▸ Source material:
<<<<

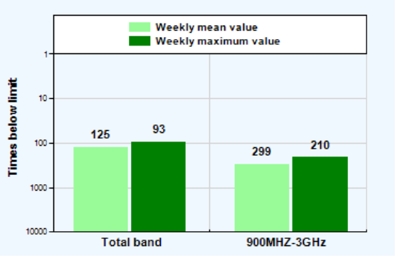 to the stricter (lower) reference level value of the radiofrequency band 1.2 W/m² (red line) and the
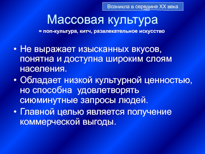 низкой культурной ценностью, но способна удовлетворять сиюминутные запросы людей.
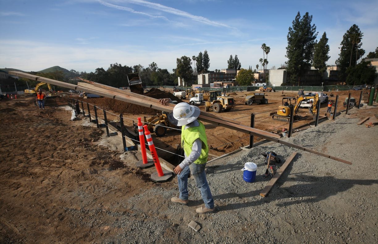 On a sunny morning at the north end of UC Riverside, bulldozers and dump trucks are busily grading dirt while construction crews put together a frame foundation for the campus’ newest housing and dining complex.
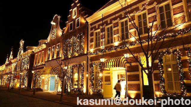 ヨーロッパ(オランダ)の街並みを舞台にしたクリスマスイルミネーションです。
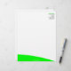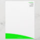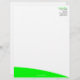 A classic lime green rolling hill letterhead, available in 5 paper types. The design features your company name (in lime green) and company message (in black) at the top, followed by lines of optional addresses and contact information (in gray). At the bottom of the page is a solid lime green hill with an optional web address (in white).
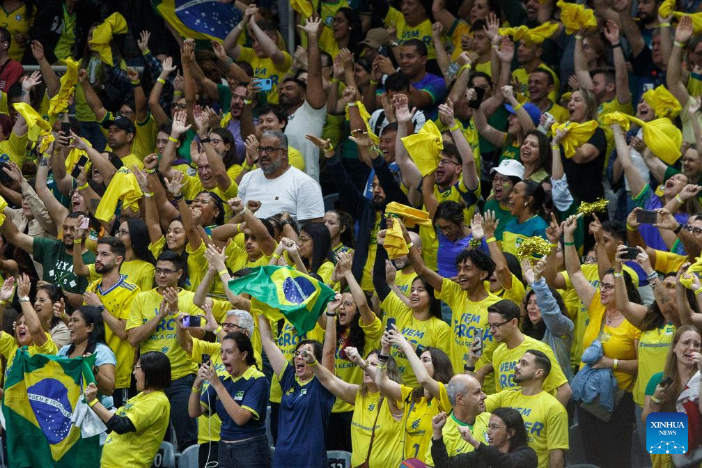 RIO DE JANEIRO, 26 mayo, 2024 (Xinhua) -- Aficionados de Brasil reaccionan durante el partido de la ronda preliminar de la Liga de Naciones de Voleibol 2024 masculina de la Federación Internacional de Voleibol (FIVB) entre Brasil e Italia, en Río de Janeiro, Brasil, el 26 de mayo de 2024. (Xinhua/Claudia Martini)
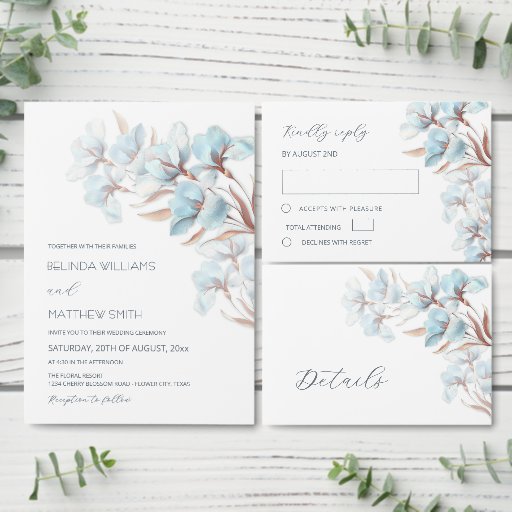 A modern and elegant wedding invitation featuring beautiful layered paper flowers in soft blue tones. The delicate 3D effect and airy composition create a sophisticated look for your special day. Fully customizable for your unique celebration.
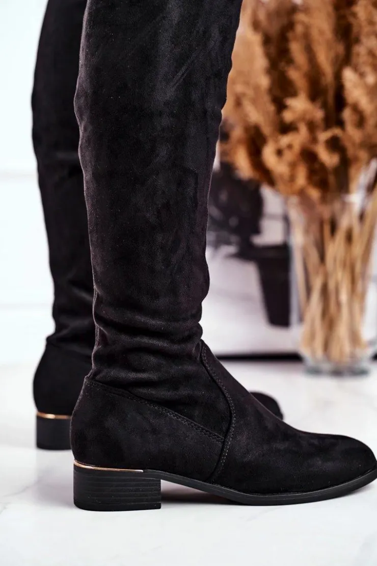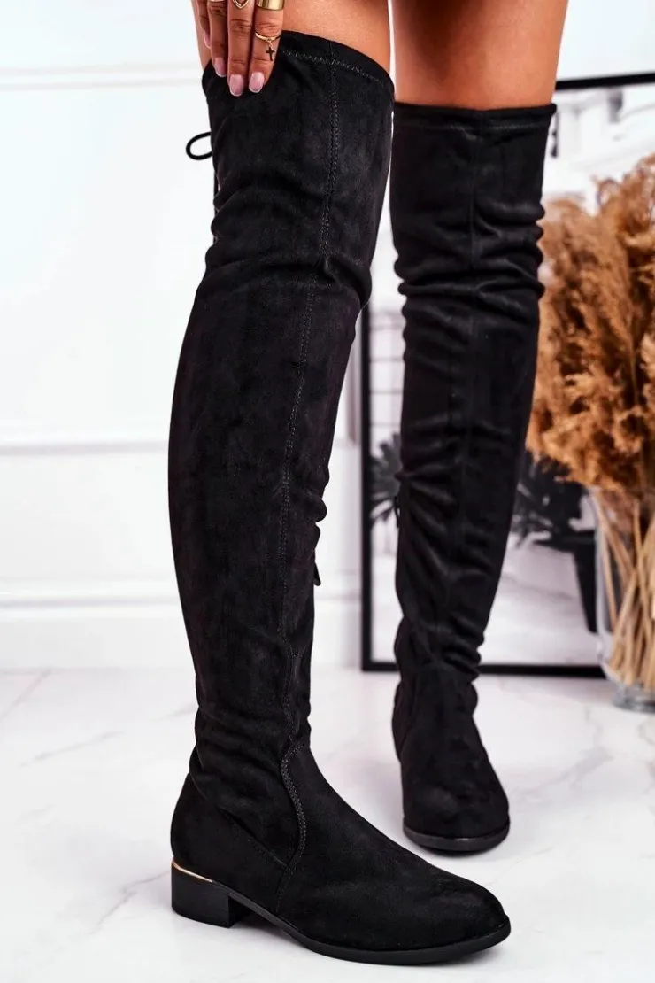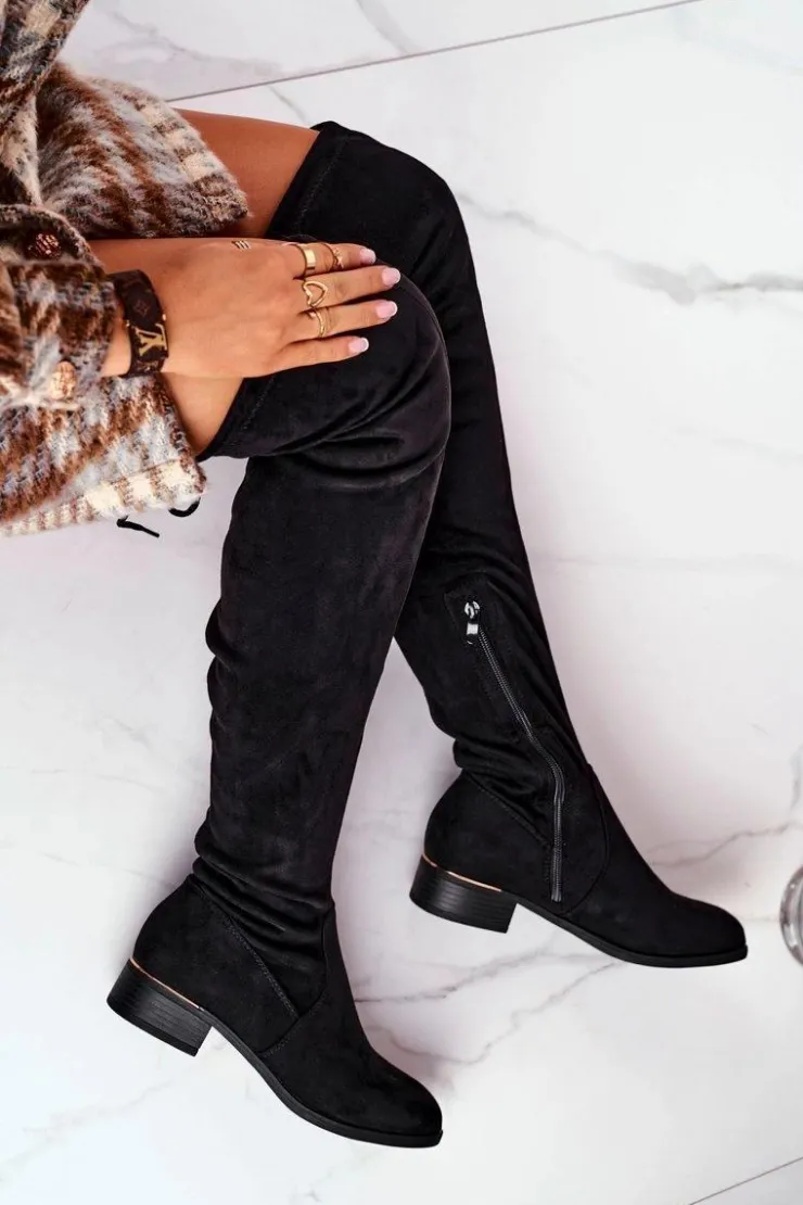 Online Boto Kozaki Damskie Za Kolano Eko-Zamsz Czarne Dove
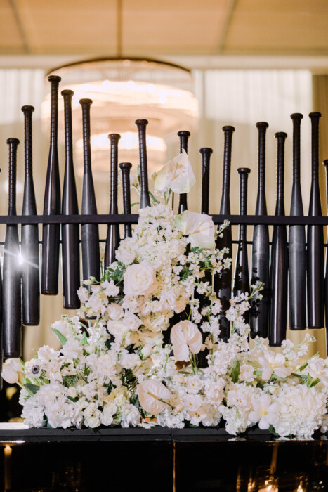 Leslie incorporated subtle nods to baseball—from seating assignments presented in the form of custom trading cards (created by Irving-based Panini America) to black bats used en masse as a decorative element. “Maggie didn’t want it to be the theme,” Leslie remembers. “So my goal was to bring in those elements without it being loud.”

>>>>

▸ Problem details: All the lines above should be reproduced exactly, and none of the pictures.

▸ Result:
 to the stricter (lower) reference level value of the radiofrequency band 1.2 W/m² (red line) and the
 низкой культурной ценностью, но способна удовлетворять сиюминутные запросы людей.
 On a sunny morning at the north end of UC Riverside, bulldozers and dump trucks are busily grading dirt while construction crews put together a frame foundation for the campus’ newest housing and dining complex.
 ヨーロッパ(オランダ)の街並みを舞台にしたクリスマスイルミネーションです。
 A classic lime green rolling hill letterhead, available in 5 paper types. The design features your company name (in lime green) and company message (in black) at the top, followed by lines of optional addresses and contact information (in gray). At the bottom of the page is a solid lime green hill with an optional web address (in white).
 RIO DE JANEIRO, 26 mayo, 2024 (Xinhua) -- Aficionados de Brasil reaccionan durante el partido de la ronda preliminar de la Liga de Naciones de Voleibol 2024 masculina de la Federación Internacional de Voleibol (FIVB) entre Brasil e Italia, en Río de Janeiro, Brasil, el 26 de mayo de 2024. (Xinhua/Claudia Martini)
 A modern and elegant wedding invitation featuring beautiful layered paper flowers in soft blue tones. The delicate 3D effect and airy composition create a sophisticated look for your special day. Fully customizable for your unique celebration.
 Online Boto Kozaki Damskie Za Kolano Eko-Zamsz Czarne Dove
 Leslie incorporated subtle nods to baseball—from seating assignments presented in the form of custom trading cards (created by Irving-based Panini America) to black bats used en masse as a decorative element. “Maggie didn’t want it to be the theme,” Leslie remembers. “So my goal was to bring in those elements without it being loud.”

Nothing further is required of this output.